Exercise goal
An exact copy of all the lines below is required, with every image left out.

Recorded information
*****

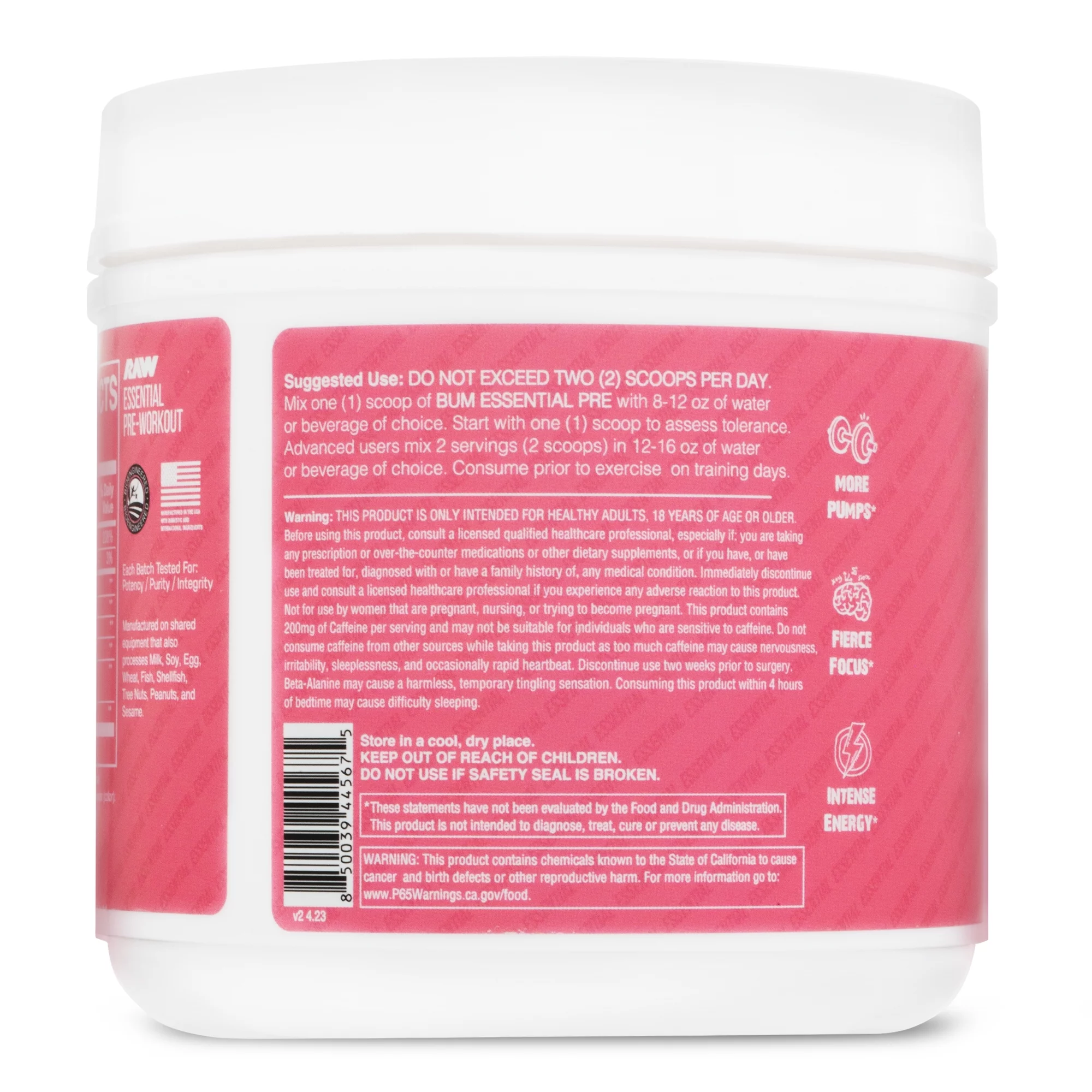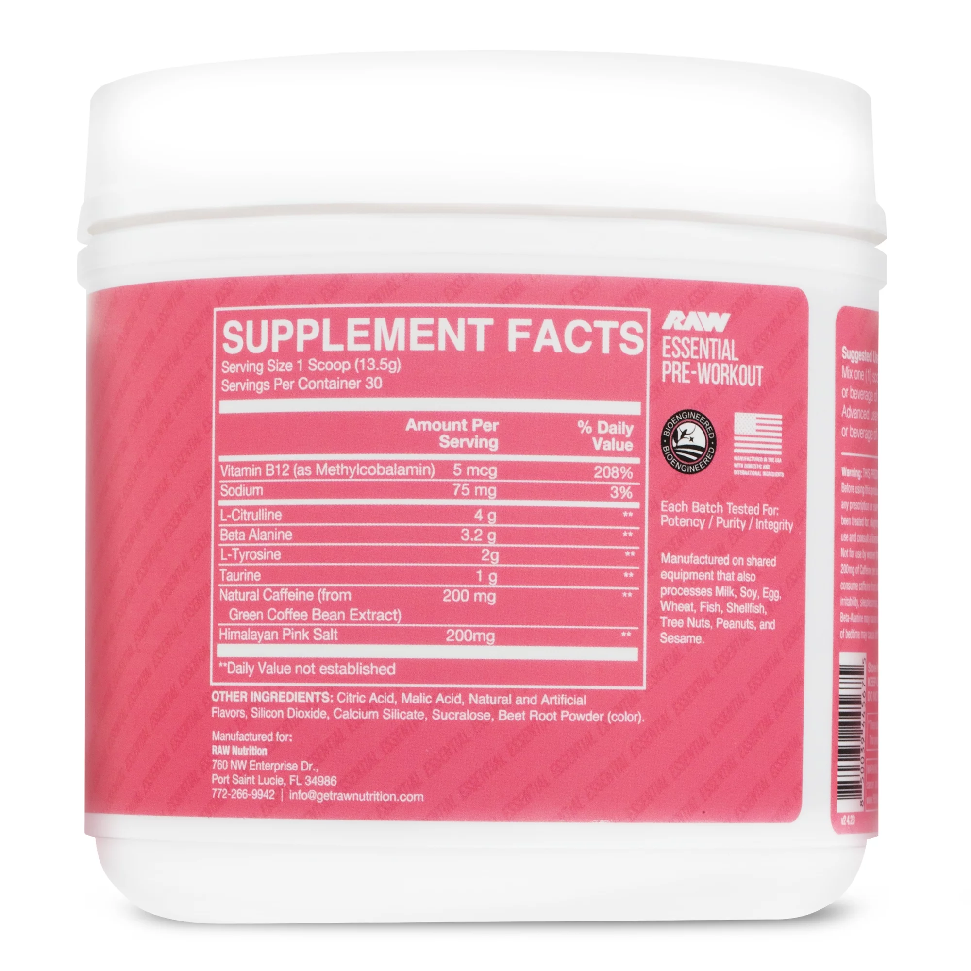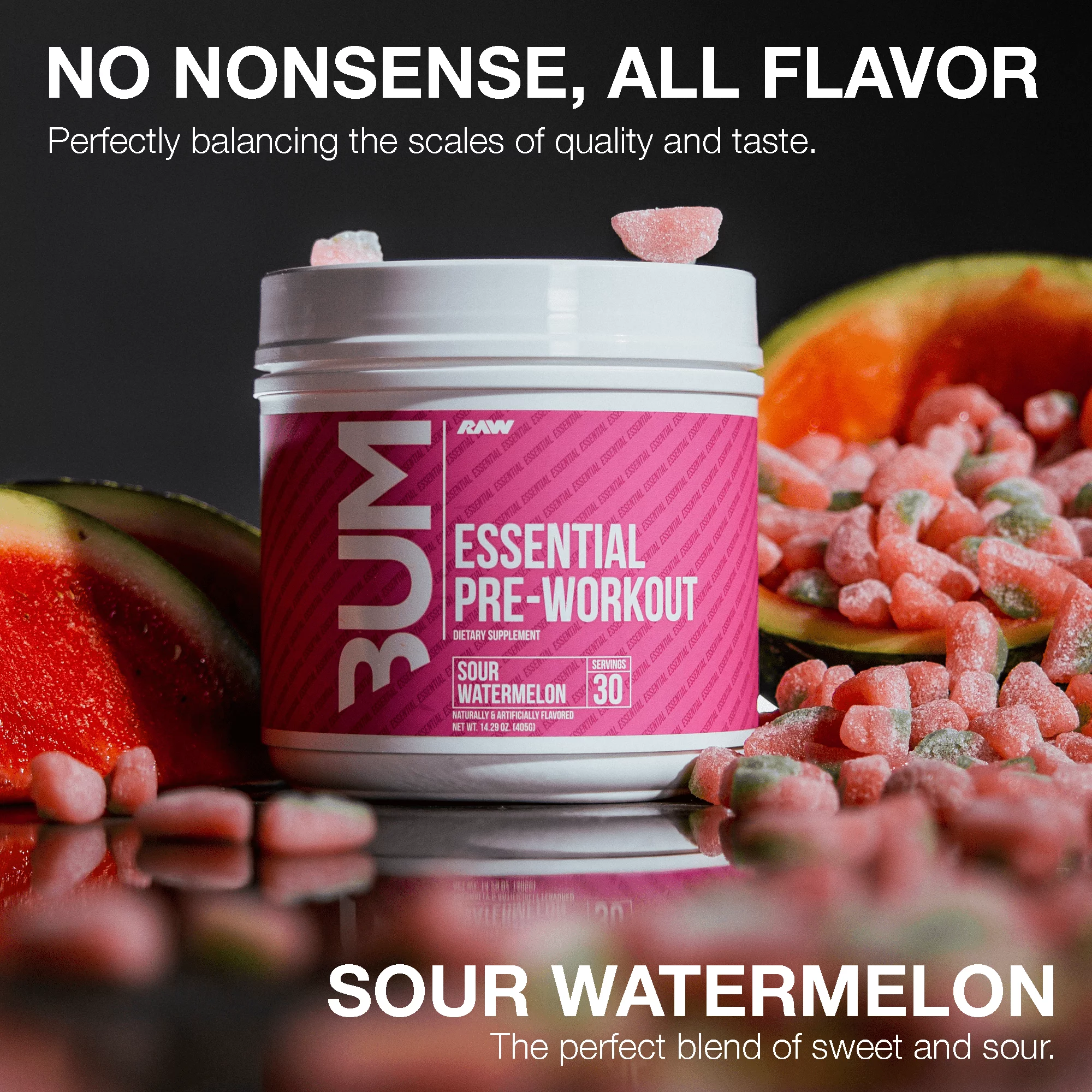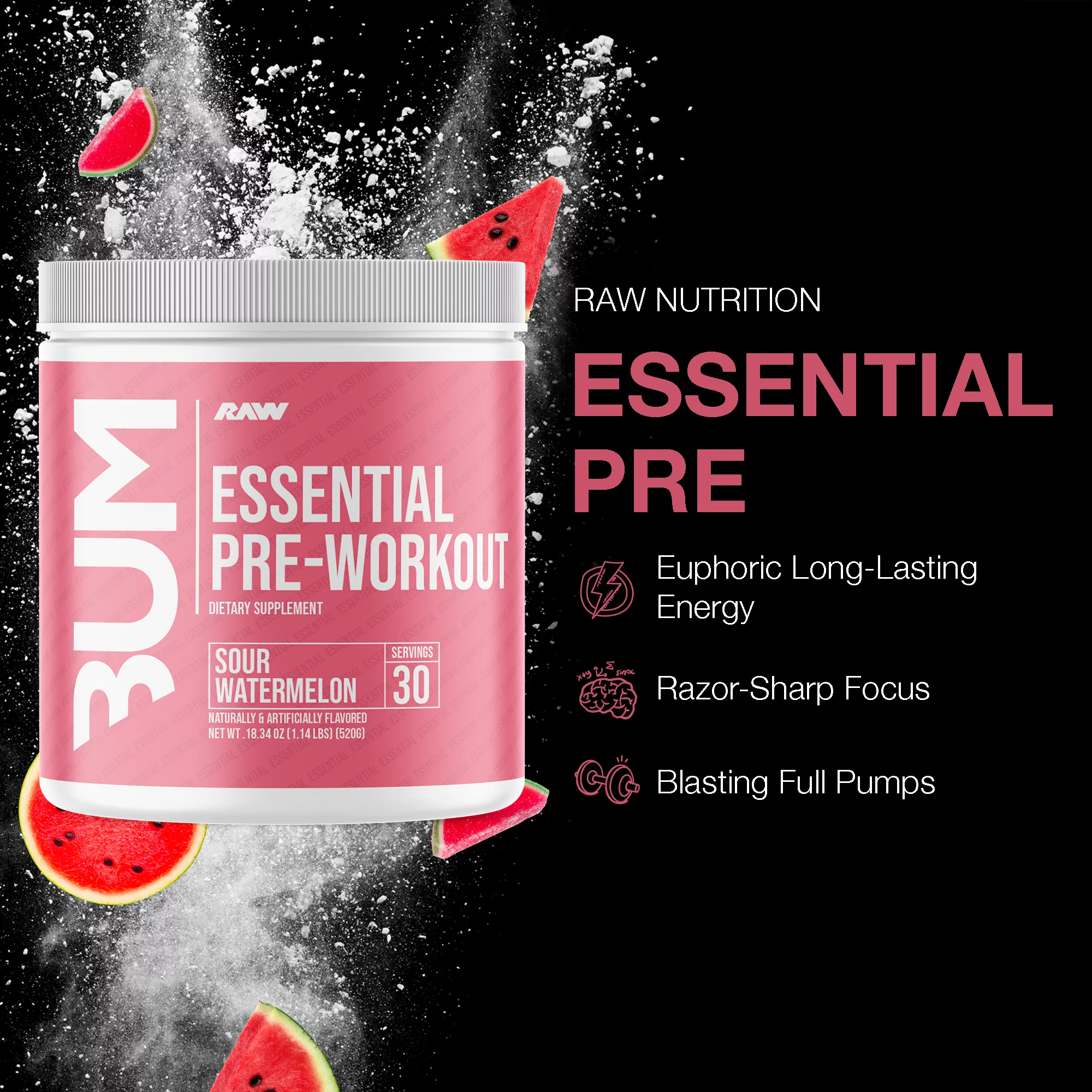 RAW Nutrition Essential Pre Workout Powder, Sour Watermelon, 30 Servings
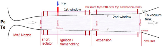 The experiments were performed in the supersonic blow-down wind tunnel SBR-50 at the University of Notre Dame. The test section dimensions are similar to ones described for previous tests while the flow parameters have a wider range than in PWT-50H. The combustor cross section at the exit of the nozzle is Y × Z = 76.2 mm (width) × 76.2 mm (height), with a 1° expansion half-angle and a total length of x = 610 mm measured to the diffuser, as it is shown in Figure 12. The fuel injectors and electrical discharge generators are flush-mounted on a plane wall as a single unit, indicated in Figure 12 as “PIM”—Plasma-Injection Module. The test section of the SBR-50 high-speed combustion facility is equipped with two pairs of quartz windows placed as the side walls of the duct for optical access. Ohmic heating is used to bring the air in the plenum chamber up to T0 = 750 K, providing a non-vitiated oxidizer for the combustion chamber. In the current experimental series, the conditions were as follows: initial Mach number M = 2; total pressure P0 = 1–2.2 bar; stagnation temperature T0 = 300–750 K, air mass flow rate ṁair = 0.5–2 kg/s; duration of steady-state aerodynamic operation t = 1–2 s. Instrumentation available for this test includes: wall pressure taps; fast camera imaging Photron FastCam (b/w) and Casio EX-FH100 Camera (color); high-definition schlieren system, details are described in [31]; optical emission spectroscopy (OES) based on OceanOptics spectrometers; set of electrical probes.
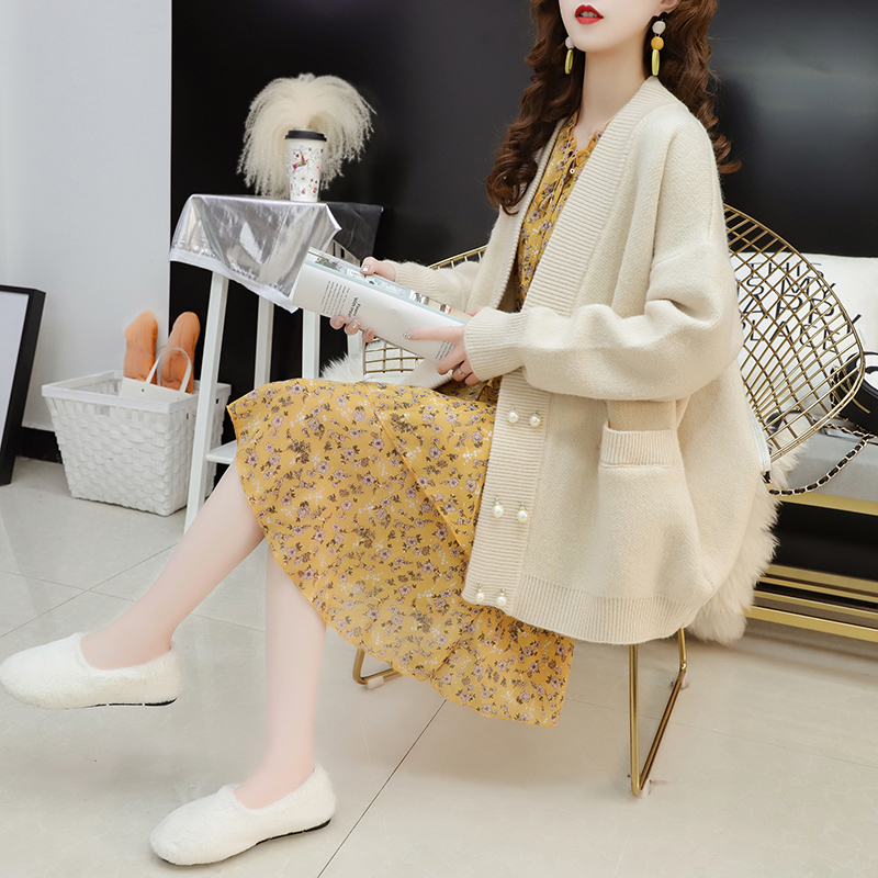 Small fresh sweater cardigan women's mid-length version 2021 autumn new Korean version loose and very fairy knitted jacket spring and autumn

*****

Problem solution
 RAW Nutrition Essential Pre Workout Powder, Sour Watermelon, 30 Servings
 The experiments were performed in the supersonic blow-down wind tunnel SBR-50 at the University of Notre Dame. The test section dimensions are similar to ones described for previous tests while the flow parameters have a wider range than in PWT-50H. The combustor cross section at the exit of the nozzle is Y × Z = 76.2 mm (width) × 76.2 mm (height), with a 1° expansion half-angle and a total length of x = 610 mm measured to the diffuser, as it is shown in Figure 12. The fuel injectors and electrical discharge generators are flush-mounted on a plane wall as a single unit, indicated in Figure 12 as “PIM”—Plasma-Injection Module. The test section of the SBR-50 high-speed combustion facility is equipped with two pairs of quartz windows placed as the side walls of the duct for optical access. Ohmic heating is used to bring the air in the plenum chamber up to T0 = 750 K, providing a non-vitiated oxidizer for the combustion chamber. In the current experimental series, the conditions were as follows: initial Mach number M = 2; total pressure P0 = 1–2.2 bar; stagnation temperature T0 = 300–750 K, air mass flow rate ṁair = 0.5–2 kg/s; duration of steady-state aerodynamic operation t = 1–2 s. Instrumentation available for this test includes: wall pressure taps; fast camera imaging Photron FastCam (b/w) and Casio EX-FH100 Camera (color); high-definition schlieren system, details are described in [31]; optical emission spectroscopy (OES) based on OceanOptics spectrometers; set of electrical probes.
 Small fresh sweater cardigan women's mid-length version 2021 autumn new Korean version loose and very fairy knitted jacket spring and autumn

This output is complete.